Because Chatham focuses on place-based narratives, I began to consider how place can deepen a narrative, create texture and tension and connective tissue, and how place can also become a character. In my linked short story collection, Esquire Ball, Stories from the Great Black Swamp, the region in Northwest Ohio, in and around Toledo, which was built on the ghost of a swamp, became the locus from which each story sprang and the inspiration by which the stories veered from realism into fabulism.
Crosstrain
The lessons I learned from my MFA program and the work I created were just a warm-up. The real workout had just begun. And crosstraining became essential.
For me, this took the form of good literary citizenship. Volunteering to read the slush pile for literary magazines, independent publishers and a literary agent became a new form of education. Reading hundreds of stories and manuscripts reinforced what I admired but also taught me valuable lessons in what didn’t work, recognizing the same issues in my own narratives.
Writing book reviews is another form of literary citizenship and a post-graduate education in literature. When I write a review, beyond summarizing it and giving it a thumbs up or thumbs down I will read the book at least three times, looking for themes and patterns and beautiful language. Then I read three or more other books in conversation with it, asking what broader truths come to light.
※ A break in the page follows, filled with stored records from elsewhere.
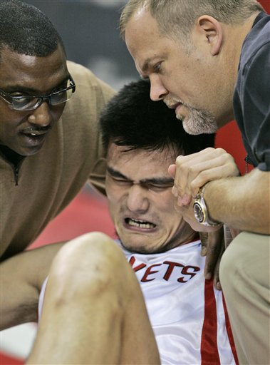 Houston Rockets' Yao Ming (11), of China, reacts as eam physician Dr. Mark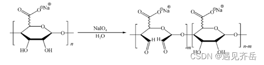 羟基的化学改性涉及氧化、接枝共聚、磺化等,近年来海藻酸钠的氧化受到越来越多关注。氧化工艺中海藻酸钠在高碘酸钠催化下,糖基单元C2—C3断裂,对应的两个羟基氧化生成醛基。还有采用硝酸铈铵/硝酸作为氧化还原引发剂体系,将海藻酸钠与衣康酸通过自由基聚合生成聚海藻酸钠-g-衣康酸。通过优化聚合时间、聚合温度、衣康酸及海藻酸钠的浓度和引发剂用量获得了高得率接枝产物,接枝共聚效率最大能达到 97. 41%。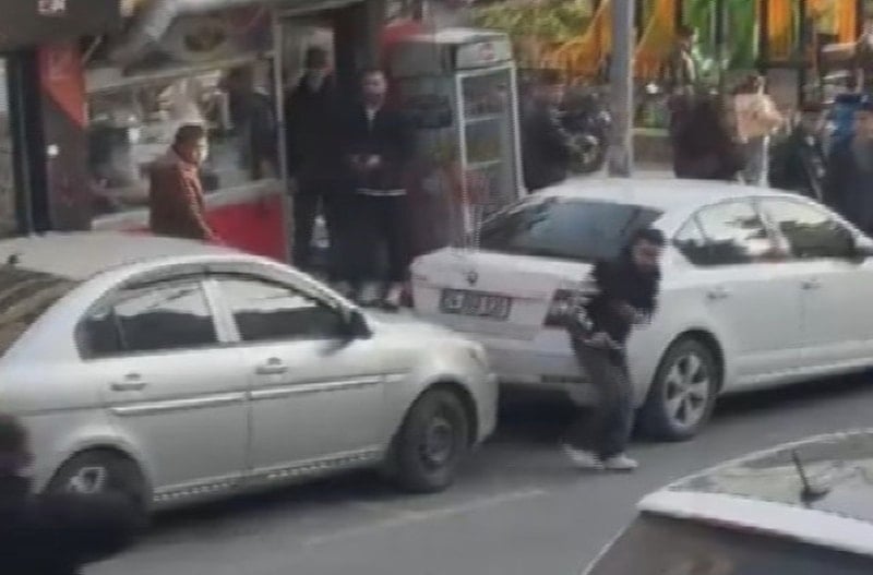 Kavga anları ise çevredeki kişiler tarafından cep telefonuyla kaydedildi.
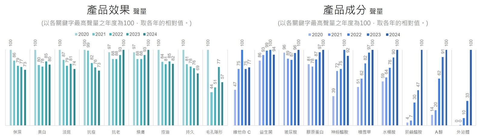 除此之外,我們也發現消費者對產品成分的在意程度有所提升。伴隨著美妝產品的「成分透明化」,有越來越多的成分被消費者所認識。過往消費者在選購時,可能更著重於產品效果,但現今更多的消費者會優先關注產品成分,偏好從成分來尋找合適的產品。同步也推動近幾年有更多新興成分(如:外泌體、PDRN等)的研發與崛起。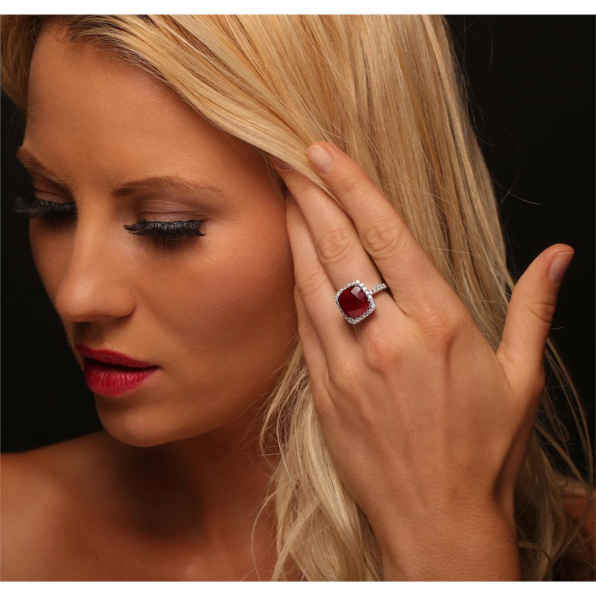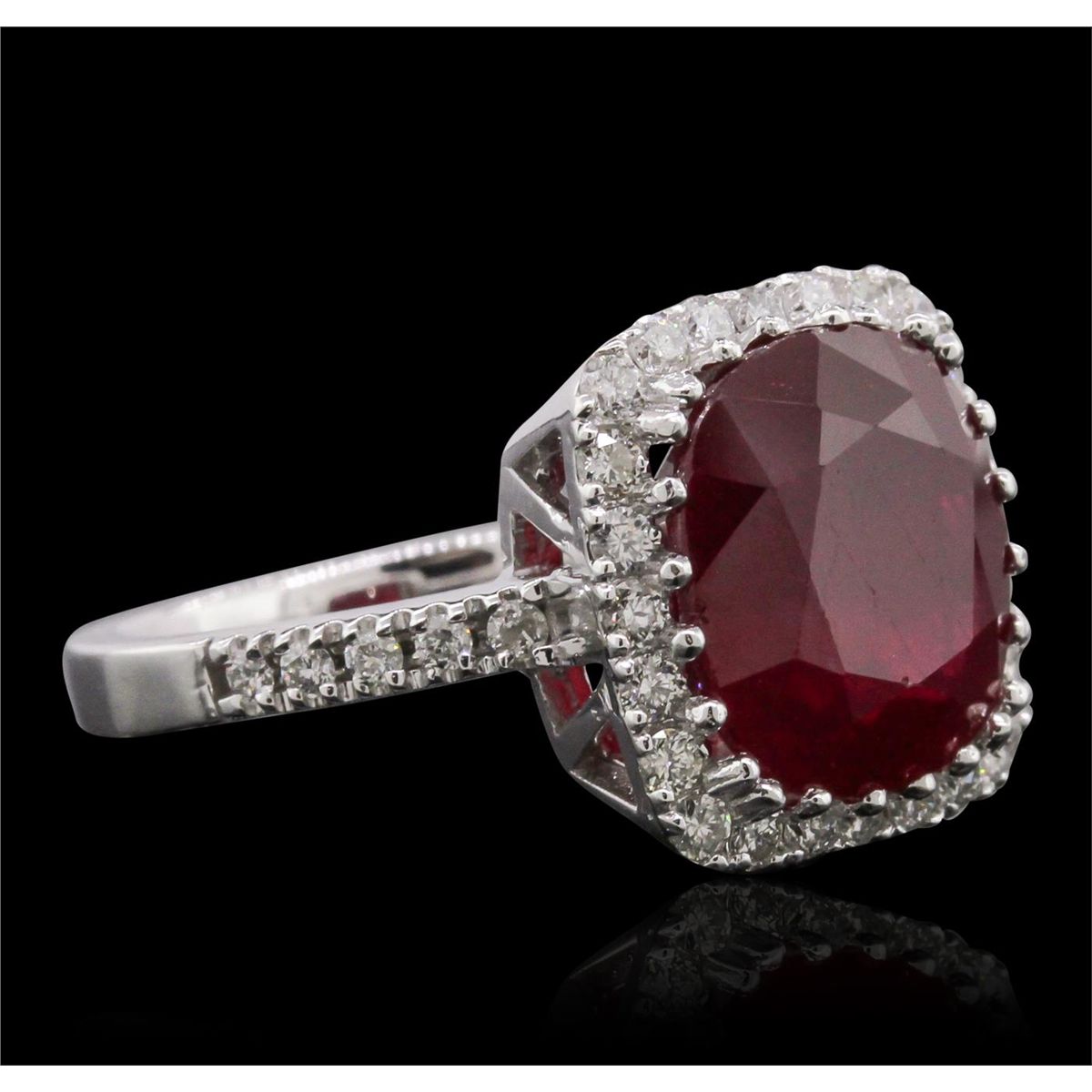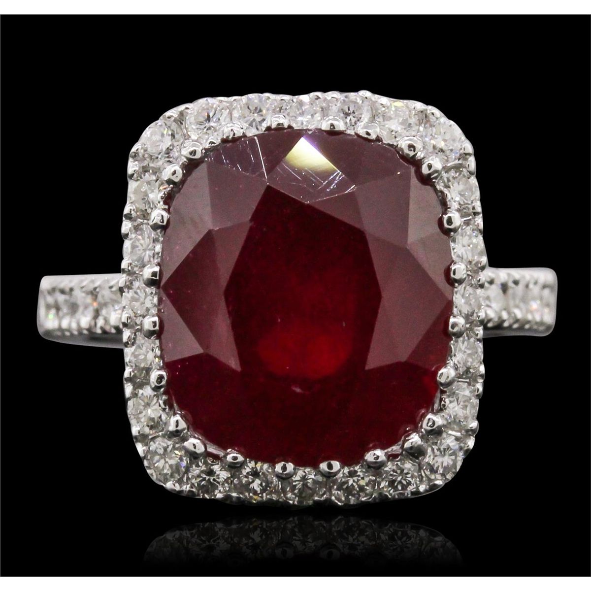 One electronically tested 14KT white gold Ladies combination cast & assembled ring with a high polish finish. Condition is new. Identified with markings of "14K". Containing: One prong set square cushion modified mixed cut natural ruby, measuring 12.00 x 12.00 x 7.80mm, approximate weight of 10.00ct., clarity is heavily included, type II, medium dark, moderately strong, strongly purplish red color, (GIA stpR 6/4), cut is good. Colored gemstones are presumed to have been subjected to commonly used color/clarity enhancement processes. Thirty-Four prong set round brilliant cut diamonds, measuring 1.70 - 1.50 x 0.96mm (depth est.) approximate. Total Weight of 34 Stones = 0.66ct. Clarity: I-1 to I-2. Color: H - I, Cut is Good. Total Weight of Colored Stones 10.00ct. Total Weight of Diamonds 0.66ct. Total Weight of Ring 7.70 grams. GGL Appraised at $6,155.00.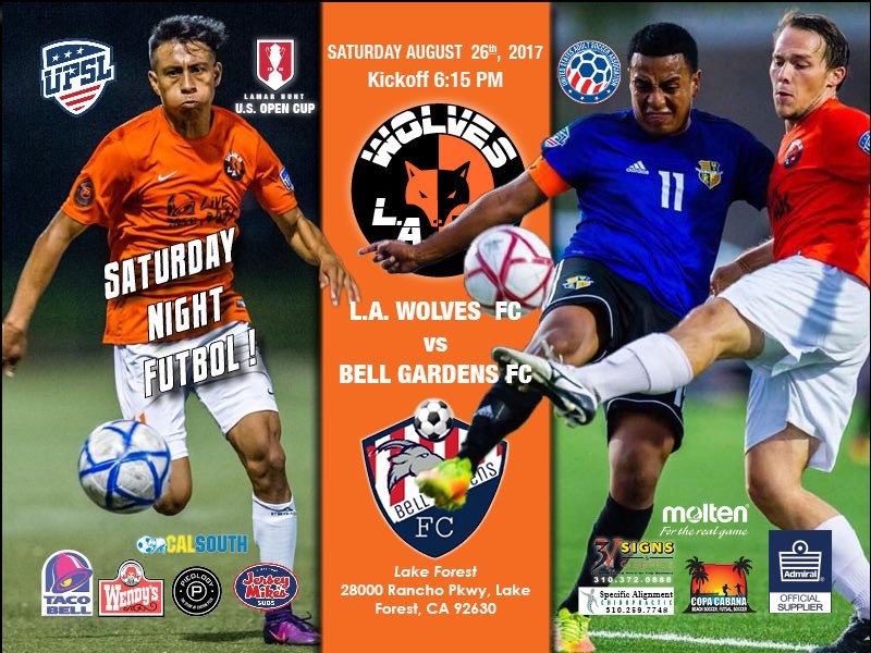 Wolves FC plays Bell Gardens FC in a United Premier Soccer League (UPSL) preseason friendly at Lake Forest Sports Complex (28000 Rancho Pkwy, Lake Forest, CA 92630) at 6:15 p.m. on Saturday, August 26.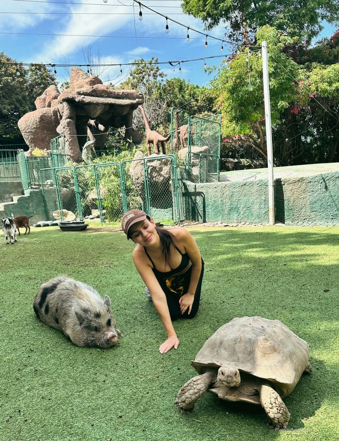 This look stands out due to its unique combination of playful elements and casual elegance. The bright colors of her cropped top and the denim create a visual delight. Additionally, the styling choices transmit a sense of individuality; she managed to achieve a balance between being trendy and approachable. The comfort factor is undeniable, inviting fans to replicate such a stylish yet laid-back look.

Always in the back of my mind, I wonder, How does all this new insight relate to what I’m working on?
Diet
Consuming a regular diet of books, short stories, and lit mags is like carbo loading for the big race. They fuel your heart and mind. Read widely in many genres and forms. Read for challenge and read for joy. Read that book that will further enlighten the story you’re working on—even if it’s for only one sentence or a character trait.
In Esquire Ball, I wanted to revisit the time in the 1980s when China loaned giant pandas to the Toledo Zoo. In “Heat Wave,” in the summer of 1988, a young woman, Sarah, emotionally estranged from her husband, becomes enthralled with a panda keeper from China. I read a lot of books about bamboo forests and panda estrus and panda conservation and the World Wildlife Fund.
But my favorite was The Lady and the Panda by Vicki Croke, which follows the adventures of Ruth Harkness, a 1930s fashion designer and socialite who travels to Tibet and brings back to the States the first live Giant Panda Bear, a baby panda who adorably accompanies her on the New York City social circuit riding in taxis on the way to cocktail parties. I wasn’t able to incorporate Ruth Harkness’s story, but I did infuse Sarah with Ruth’s longing for adventure, and her desire to live beyond the cage of societal constraints.
Put in the Miles
Do the work but enjoy yourself along the way.
Eventually, I found myself on girls’ teams, track and cross-country, lettering in both. I continued to run after high school because I loved the way it made me feel. I worked my way up to 10Ks and half-marathons and one full marathon.
As a debut author at 64, I’ve racked up quite a few miles on my path to publication. It has been a marathon, not a sprint. Endurance, rather than speed, helped me navigate the bursts of energy, the joys of inspiration followed by the setbacks, the long fallow periods of mindless jotting or not jotting at all, the fabulous detours and distractions along the way.
Esquire Ball took 10 years from first sentence to publication. It takes as long as it takes. Enjoy the journey.